EXERCISE DIRECTIONS
Using the material below, print a verbatim copy of every line from the one containing "一家人一起动手,午饭做得快,还特别丰盛,粉蒸鱼、甲鱼火锅" through the one containing "Ponúkame na predaj", inclusive, and omit the pictures.

::: INFORMATION

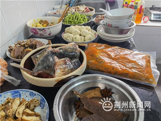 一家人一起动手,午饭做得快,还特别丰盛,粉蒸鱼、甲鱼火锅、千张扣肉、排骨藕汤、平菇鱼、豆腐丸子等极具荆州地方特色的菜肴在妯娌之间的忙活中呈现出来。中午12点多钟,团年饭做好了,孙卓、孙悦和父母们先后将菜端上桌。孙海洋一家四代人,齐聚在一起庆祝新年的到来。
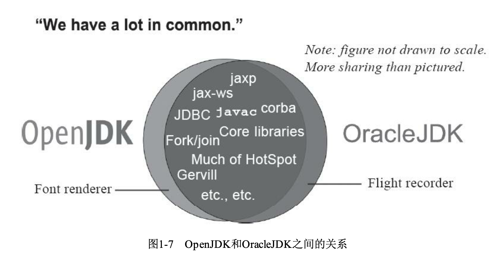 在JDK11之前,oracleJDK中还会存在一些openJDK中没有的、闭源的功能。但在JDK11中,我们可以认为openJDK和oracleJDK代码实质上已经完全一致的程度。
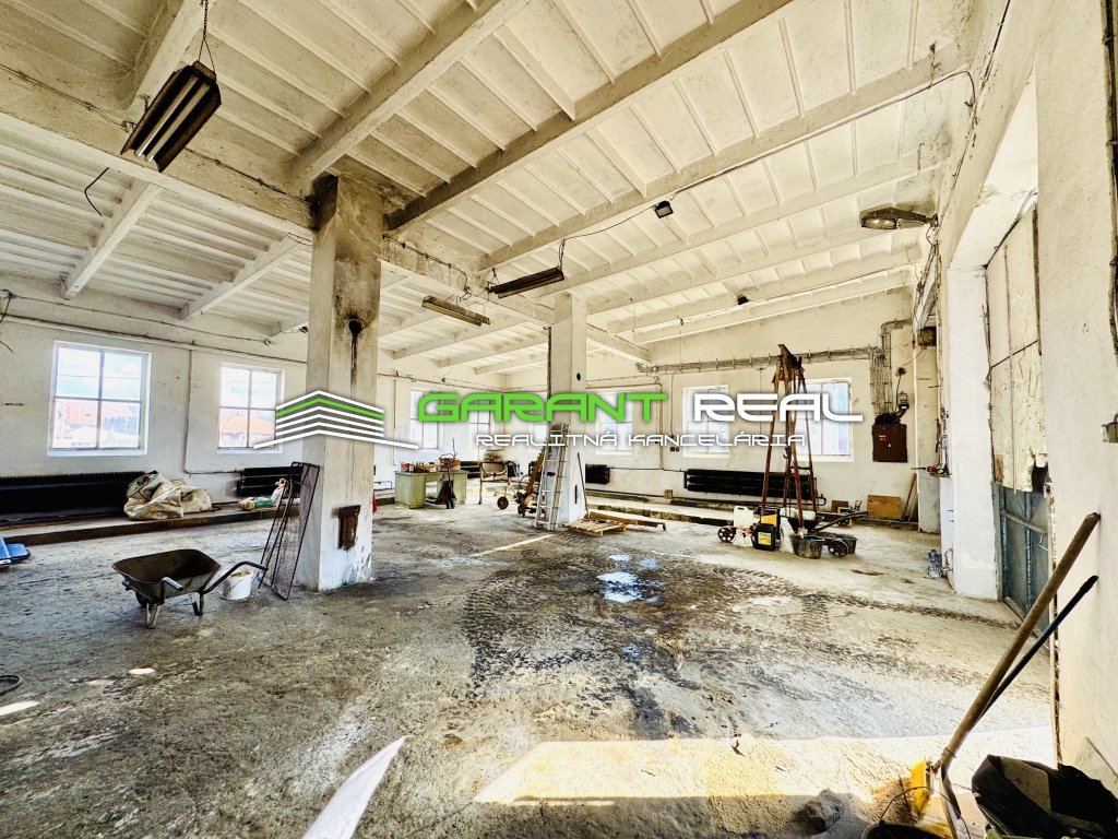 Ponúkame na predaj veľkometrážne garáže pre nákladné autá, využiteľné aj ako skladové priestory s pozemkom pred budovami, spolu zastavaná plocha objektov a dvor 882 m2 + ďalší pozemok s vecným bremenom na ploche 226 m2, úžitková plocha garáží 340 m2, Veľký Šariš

::::::
::: INFORMATION

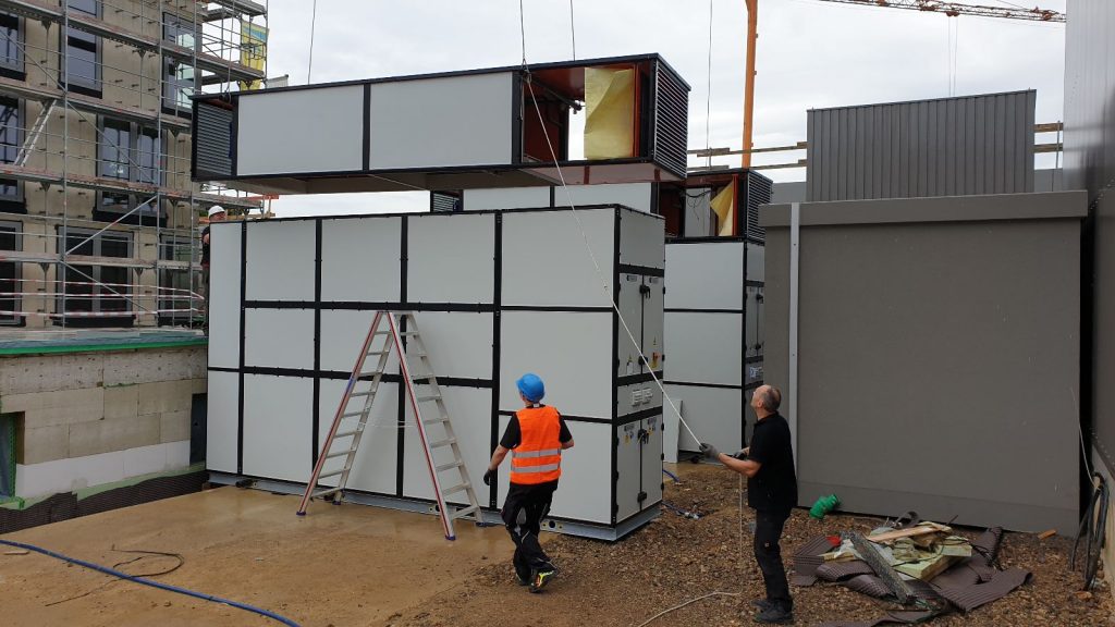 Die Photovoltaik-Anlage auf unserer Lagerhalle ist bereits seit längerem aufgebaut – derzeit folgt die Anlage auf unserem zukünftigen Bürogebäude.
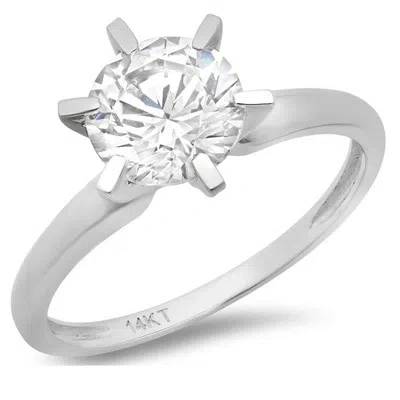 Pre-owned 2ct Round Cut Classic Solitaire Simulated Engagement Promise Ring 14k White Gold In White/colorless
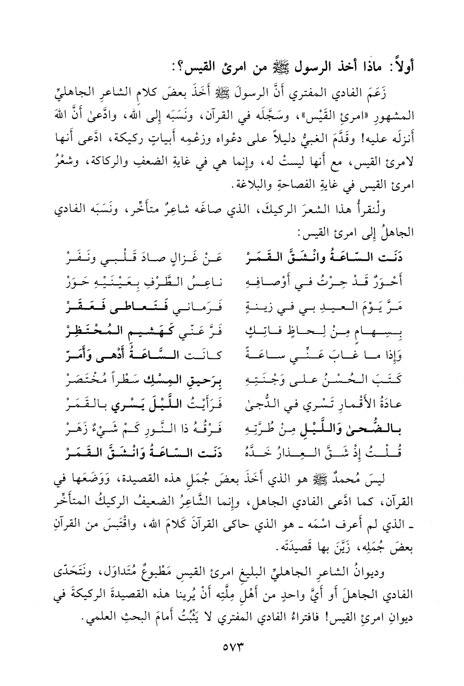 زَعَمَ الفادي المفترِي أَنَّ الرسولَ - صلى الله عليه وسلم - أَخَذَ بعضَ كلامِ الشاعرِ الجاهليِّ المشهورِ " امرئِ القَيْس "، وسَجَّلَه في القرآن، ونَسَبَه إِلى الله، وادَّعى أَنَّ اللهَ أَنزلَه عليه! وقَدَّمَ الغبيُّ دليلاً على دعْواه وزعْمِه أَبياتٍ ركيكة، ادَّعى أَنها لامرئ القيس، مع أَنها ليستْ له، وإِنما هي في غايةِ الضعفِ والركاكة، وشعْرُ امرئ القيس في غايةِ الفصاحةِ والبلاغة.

::::::

RESPONSE AREA
 一家人一起动手,午饭做得快,还特别丰盛,粉蒸鱼、甲鱼火锅、千张扣肉、排骨藕汤、平菇鱼、豆腐丸子等极具荆州地方特色的菜肴在妯娌之间的忙活中呈现出来。中午12点多钟,团年饭做好了,孙卓、孙悦和父母们先后将菜端上桌。孙海洋一家四代人,齐聚在一起庆祝新年的到来。
 在JDK11之前,oracleJDK中还会存在一些openJDK中没有的、闭源的功能。但在JDK11中,我们可以认为openJDK和oracleJDK代码实质上已经完全一致的程度。
 Ponúkame na predaj veľkometrážne garáže pre nákladné autá, využiteľné aj ako skladové priestory s pozemkom pred budovami, spolu zastavaná plocha objektov a dvor 882 m2 + ďalší pozemok s vecným bremenom na ploche 226 m2, úžitková plocha garáží 340 m2, Veľký Šariš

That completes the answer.